■ **ASSIGNED TASK**:
Please write out only the lines from the line with "在競爭加劇、補貼退坡、規(g" to the line with "In terms of", inclusive, exactly as they stand below, without the pictures.

■ **STUDY MATERIAL**:
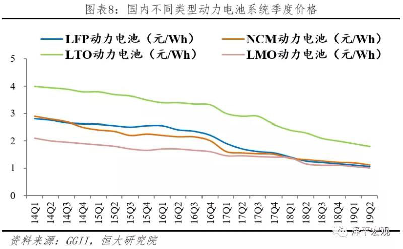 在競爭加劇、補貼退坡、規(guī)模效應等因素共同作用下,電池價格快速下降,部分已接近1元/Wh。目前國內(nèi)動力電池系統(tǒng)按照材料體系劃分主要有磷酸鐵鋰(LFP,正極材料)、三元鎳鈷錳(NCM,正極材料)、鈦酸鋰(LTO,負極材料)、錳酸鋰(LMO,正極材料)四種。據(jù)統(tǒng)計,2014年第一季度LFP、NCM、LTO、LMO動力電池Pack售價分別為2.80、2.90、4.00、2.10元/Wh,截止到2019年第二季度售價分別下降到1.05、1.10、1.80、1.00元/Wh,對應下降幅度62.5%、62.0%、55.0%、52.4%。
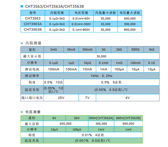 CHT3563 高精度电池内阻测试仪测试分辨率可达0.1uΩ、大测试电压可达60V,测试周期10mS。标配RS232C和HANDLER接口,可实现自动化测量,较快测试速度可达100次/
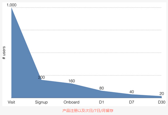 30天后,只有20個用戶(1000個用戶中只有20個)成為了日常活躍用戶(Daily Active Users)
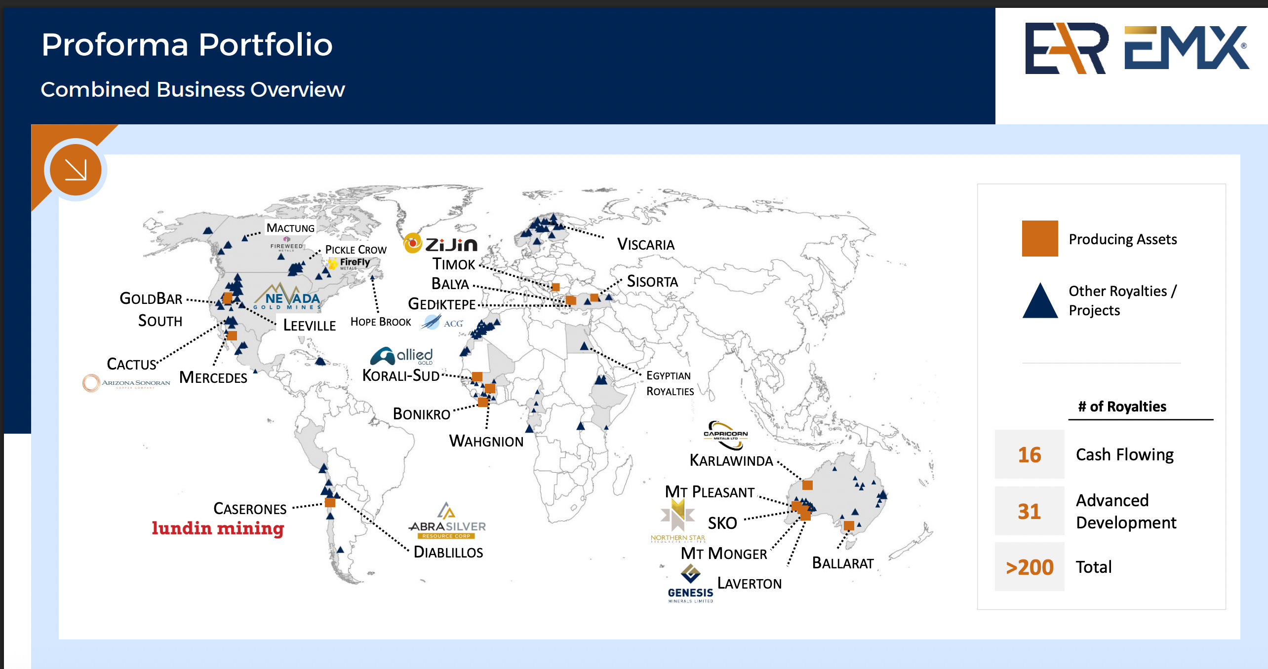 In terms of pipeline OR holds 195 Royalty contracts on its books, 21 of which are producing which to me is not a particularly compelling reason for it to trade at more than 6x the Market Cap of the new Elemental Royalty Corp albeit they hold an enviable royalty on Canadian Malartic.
* * *
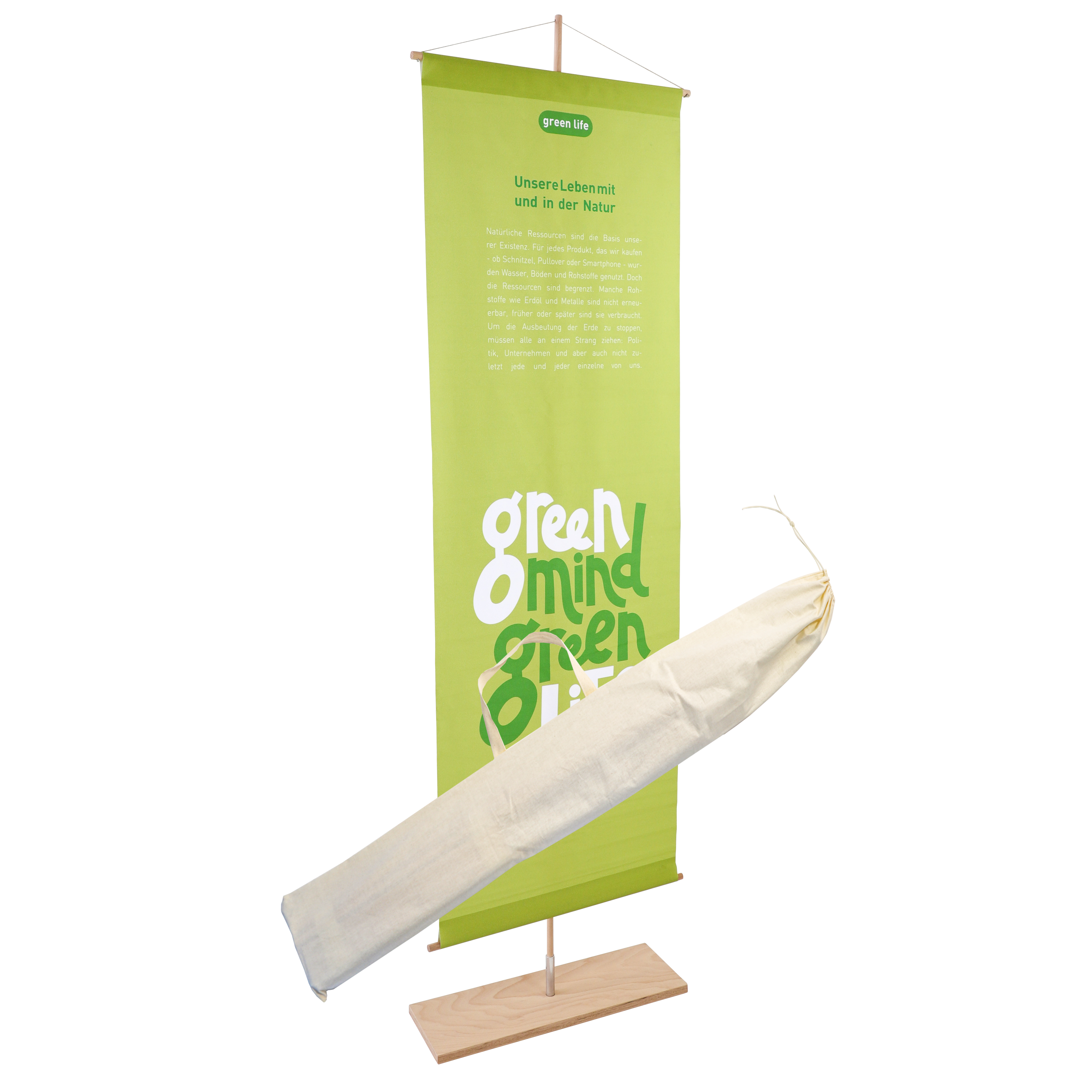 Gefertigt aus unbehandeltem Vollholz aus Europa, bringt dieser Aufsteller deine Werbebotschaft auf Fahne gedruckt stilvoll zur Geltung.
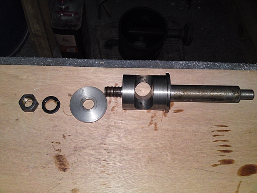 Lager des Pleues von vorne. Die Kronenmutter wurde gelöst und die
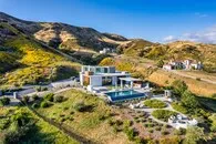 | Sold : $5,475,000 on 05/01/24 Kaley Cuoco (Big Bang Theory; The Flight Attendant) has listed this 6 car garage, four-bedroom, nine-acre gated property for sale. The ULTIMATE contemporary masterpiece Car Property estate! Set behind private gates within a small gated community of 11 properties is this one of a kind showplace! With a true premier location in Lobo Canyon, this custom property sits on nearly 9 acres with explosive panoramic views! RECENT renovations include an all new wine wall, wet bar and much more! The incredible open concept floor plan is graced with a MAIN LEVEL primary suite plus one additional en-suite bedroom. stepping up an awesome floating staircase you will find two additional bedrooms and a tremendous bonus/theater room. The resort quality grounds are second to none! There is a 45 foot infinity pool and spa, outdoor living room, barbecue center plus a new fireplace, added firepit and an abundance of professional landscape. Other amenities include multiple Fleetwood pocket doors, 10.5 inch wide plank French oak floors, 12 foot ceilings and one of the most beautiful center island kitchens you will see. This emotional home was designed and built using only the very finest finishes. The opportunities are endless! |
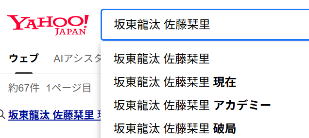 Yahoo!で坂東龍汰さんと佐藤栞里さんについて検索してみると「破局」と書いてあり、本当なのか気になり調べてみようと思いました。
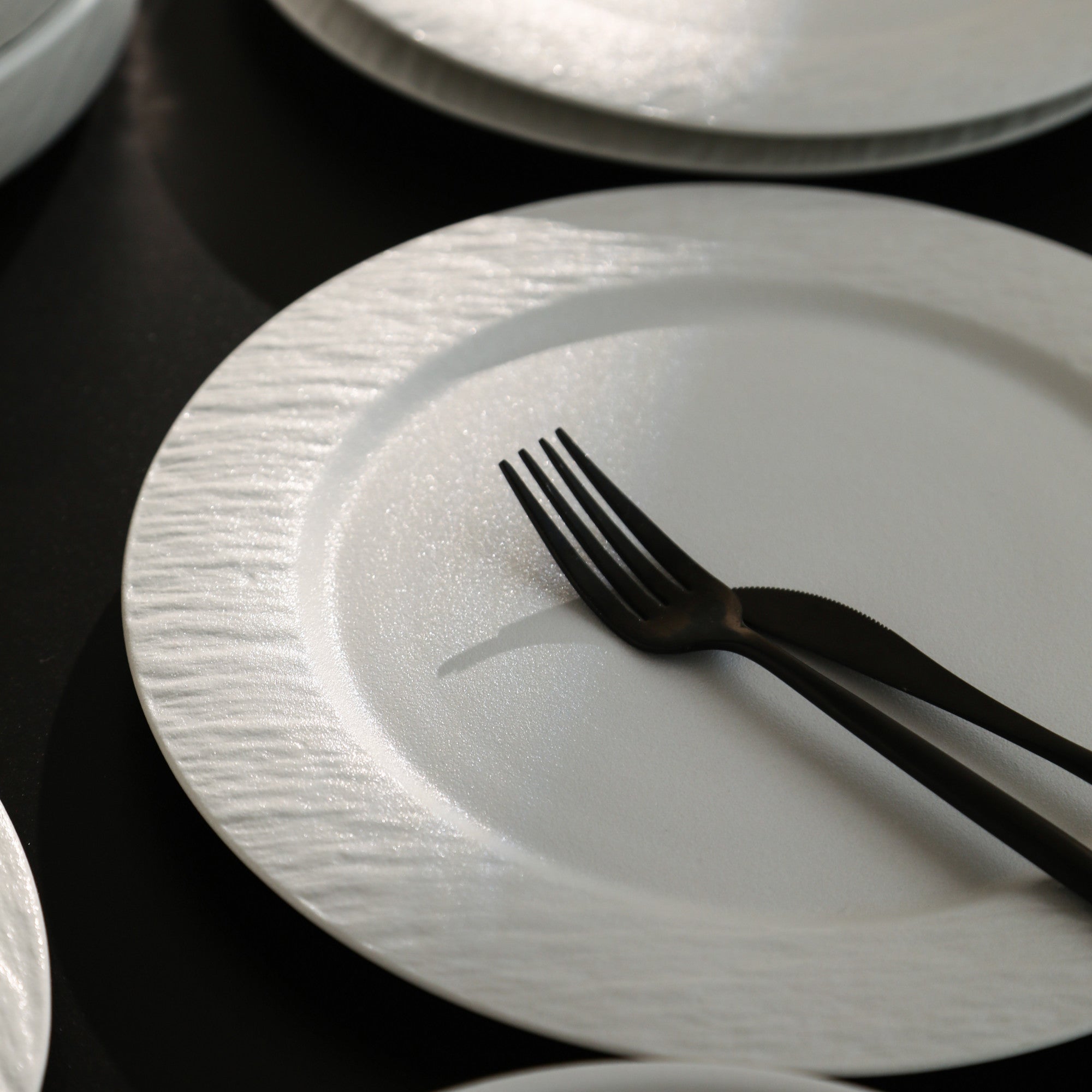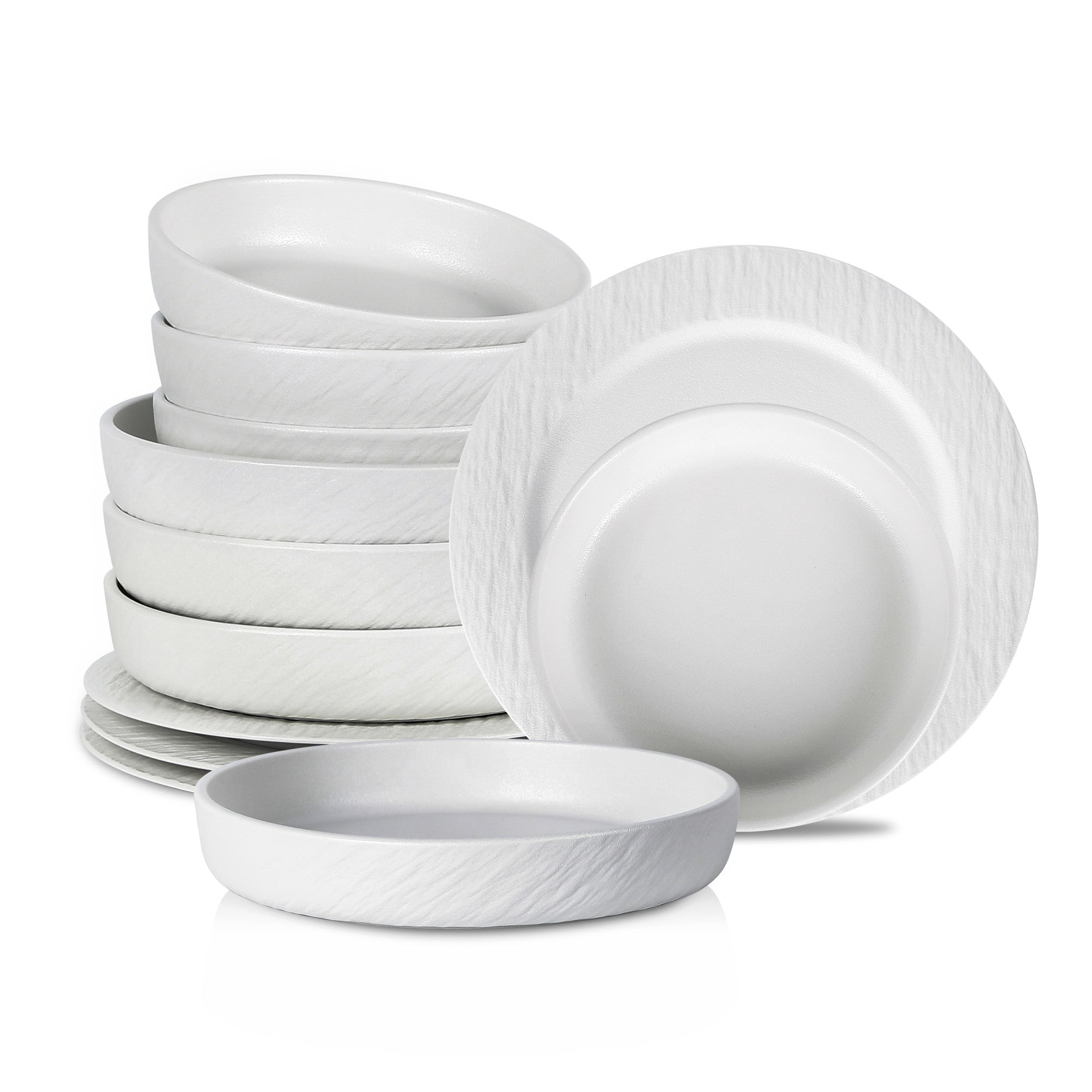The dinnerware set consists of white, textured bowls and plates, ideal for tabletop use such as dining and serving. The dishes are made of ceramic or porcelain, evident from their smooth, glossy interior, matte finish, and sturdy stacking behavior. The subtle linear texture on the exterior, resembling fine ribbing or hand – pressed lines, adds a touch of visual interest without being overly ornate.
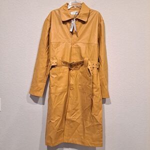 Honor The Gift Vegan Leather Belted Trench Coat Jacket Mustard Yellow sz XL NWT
==
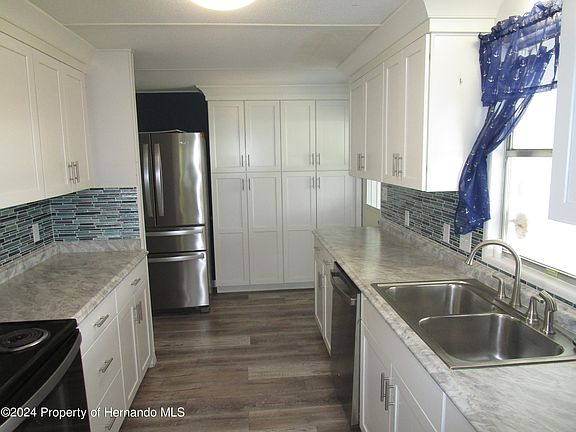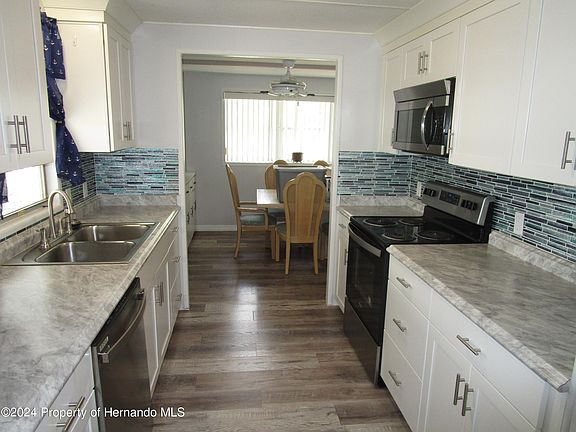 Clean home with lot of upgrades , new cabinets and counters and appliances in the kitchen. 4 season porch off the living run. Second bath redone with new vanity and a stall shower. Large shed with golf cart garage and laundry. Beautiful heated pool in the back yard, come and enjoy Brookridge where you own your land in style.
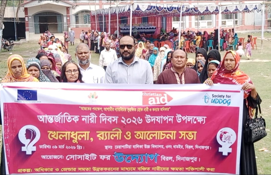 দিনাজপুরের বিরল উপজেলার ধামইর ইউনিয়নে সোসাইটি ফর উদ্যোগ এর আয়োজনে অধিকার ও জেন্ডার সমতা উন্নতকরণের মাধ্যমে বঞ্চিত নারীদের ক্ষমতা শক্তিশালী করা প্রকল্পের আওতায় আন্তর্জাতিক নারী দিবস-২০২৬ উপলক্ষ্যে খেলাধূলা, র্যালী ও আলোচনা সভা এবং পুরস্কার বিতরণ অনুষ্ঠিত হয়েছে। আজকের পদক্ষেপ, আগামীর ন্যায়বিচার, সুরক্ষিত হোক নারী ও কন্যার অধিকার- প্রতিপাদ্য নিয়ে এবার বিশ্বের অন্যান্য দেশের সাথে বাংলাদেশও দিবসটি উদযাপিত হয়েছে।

■ **EXERCISE OUTPUT**:
 在競爭加劇、補貼退坡、規(guī)模效應等因素共同作用下,電池價格快速下降,部分已接近1元/Wh。目前國內(nèi)動力電池系統(tǒng)按照材料體系劃分主要有磷酸鐵鋰(LFP,正極材料)、三元鎳鈷錳(NCM,正極材料)、鈦酸鋰(LTO,負極材料)、錳酸鋰(LMO,正極材料)四種。據(jù)統(tǒng)計,2014年第一季度LFP、NCM、LTO、LMO動力電池Pack售價分別為2.80、2.90、4.00、2.10元/Wh,截止到2019年第二季度售價分別下降到1.05、1.10、1.80、1.00元/Wh,對應下降幅度62.5%、62.0%、55.0%、52.4%。
 CHT3563 高精度电池内阻测试仪测试分辨率可达0.1uΩ、大测试电压可达60V,测试周期10mS。标配RS232C和HANDLER接口,可实现自动化测量,较快测试速度可达100次/
 30天后,只有20個用戶(1000個用戶中只有20個)成為了日常活躍用戶(Daily Active Users)
 In terms of pipeline OR holds 195 Royalty contracts on its books, 21 of which are producing which to me is not a particularly compelling reason for it to trade at more than 6x the Market Cap of the new Elemental Royalty Corp albeit they hold an enviable royalty on Canadian Malartic.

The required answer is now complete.